Give the properties table below. A992 Steel 7178 T76 Aluminum Yield Strength 50 ksi 73 ksi Ultimate strength 75 ksi 85 ksi Modulus of Elasticity 29,000 ksi 10,500 ksi Assume you are designing a rectangular member with a specific allowed height. For a design where deflection criterion controls which material would require a larger cross section? 6. Give the For a design where tension stress controls, which material requires the larger cross section?

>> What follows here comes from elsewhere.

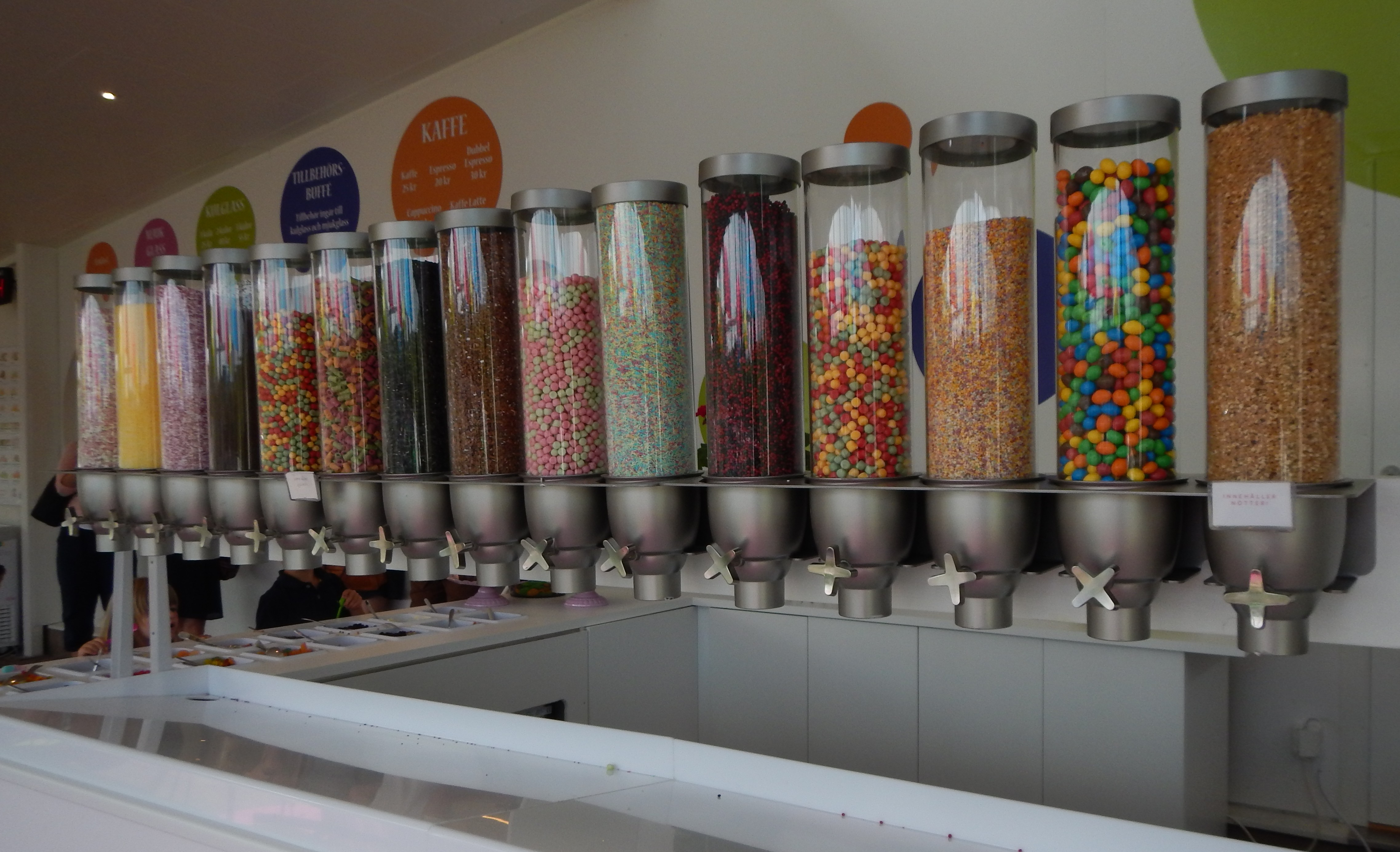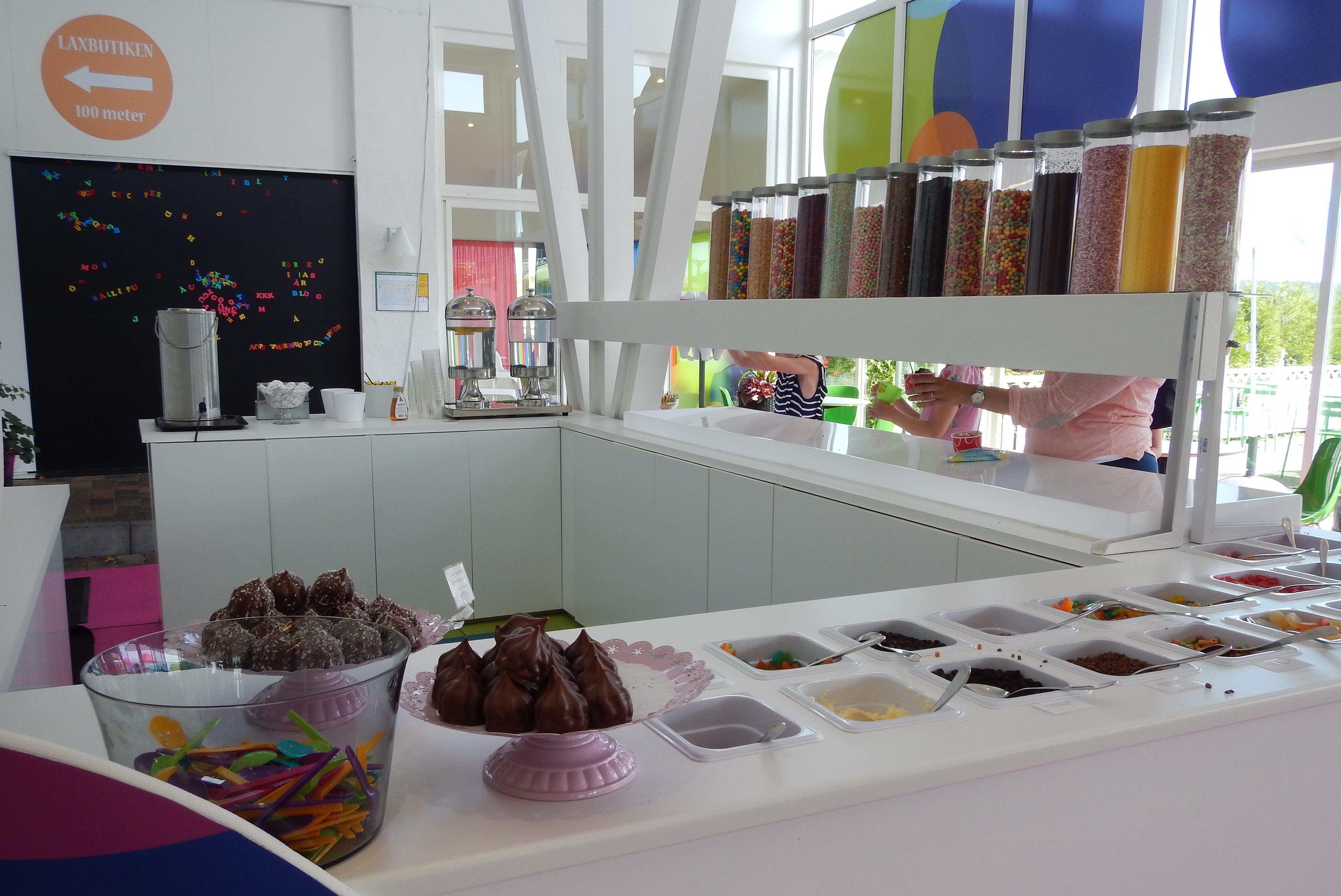 På andra sidan bordet finns det en ställning med ännu mera godis och strössel. Förödande för någon med dålig karaktär vad gäller sötsaker, som jag till exempel och alla vet ju att gratis är gott.

The Correct Answer and Explanation is :
When designing a rectangular member with a specific allowed height, the choice between A992 steel and 7178-T76 aluminum depends on whether the design is governed by deflection criteria or tensile stress criteria.
Deflection Criterion:
Deflection in a beam is influenced by its material’s modulus of elasticity (E). A higher modulus indicates a stiffer material that will deflect less under a given load. The flexural rigidity of a beam is given by the product EI, where I is the moment of inertia of the cross-sectional area. For a rectangular cross-section with a fixed height (h), I is proportional to the width (b) and the cube of the height (I = b*h³/12). Since h is constant, I is directly proportional to b. Therefore, to achieve the same deflection, the required width b is inversely proportional to E.
Given:
- A992 Steel: E = 29,000 ksi
- 7178-T76 Aluminum: E = 10,500 ksi
The ratio of the moduli is:
[
\frac{E_{\text{Steel}}}{E_{\text{Aluminum}}} = \frac{29,000}{10,500} \approx 2.76
]
This means steel is approximately 2.76 times stiffer than aluminum. To achieve the same deflection, the aluminum member would need to have a cross-sectional area about 2.76 times larger than that of the steel member. Therefore, under deflection-controlled design, 7178-T76 aluminum would require a larger cross-section compared to A992 steel.
Tension Stress Criterion:
When tensile stress is the controlling factor, the design must ensure that the material’s yield strength is not exceeded. The required cross-sectional area (A) is determined by the applied force (F) divided by the material’s yield strength (σ_y):
[
A = \frac{F}{\sigma_y}
]
Given:
- A992 Steel: σ_y = 50 ksi
- 7178-T76 Aluminum: σ_y = 73 ksi
The ratio of the yield strengths is:
[
\frac{\sigma_{y,\text{Aluminum}}}{\sigma_{y,\text{Steel}}} = \frac{73}{50} = 1.46
]
This indicates that 7178-T76 aluminum has a 46% higher yield strength than A992 steel. Consequently, for the same applied tensile force, the aluminum member can have a smaller cross-sectional area compared to the steel member. Therefore, under tension stress-controlled design, A992 steel would require a larger cross-section than 7178-T76 aluminum.
Conclusion:
In summary, if deflection criteria control the design, 7178-T76 aluminum would necessitate a larger cross-sectional area due to its lower modulus of elasticity. Conversely, if tensile stress criteria control the design, A992 steel would require a larger cross-sectional area because of its lower yield strength compared to 7178-T76 aluminum.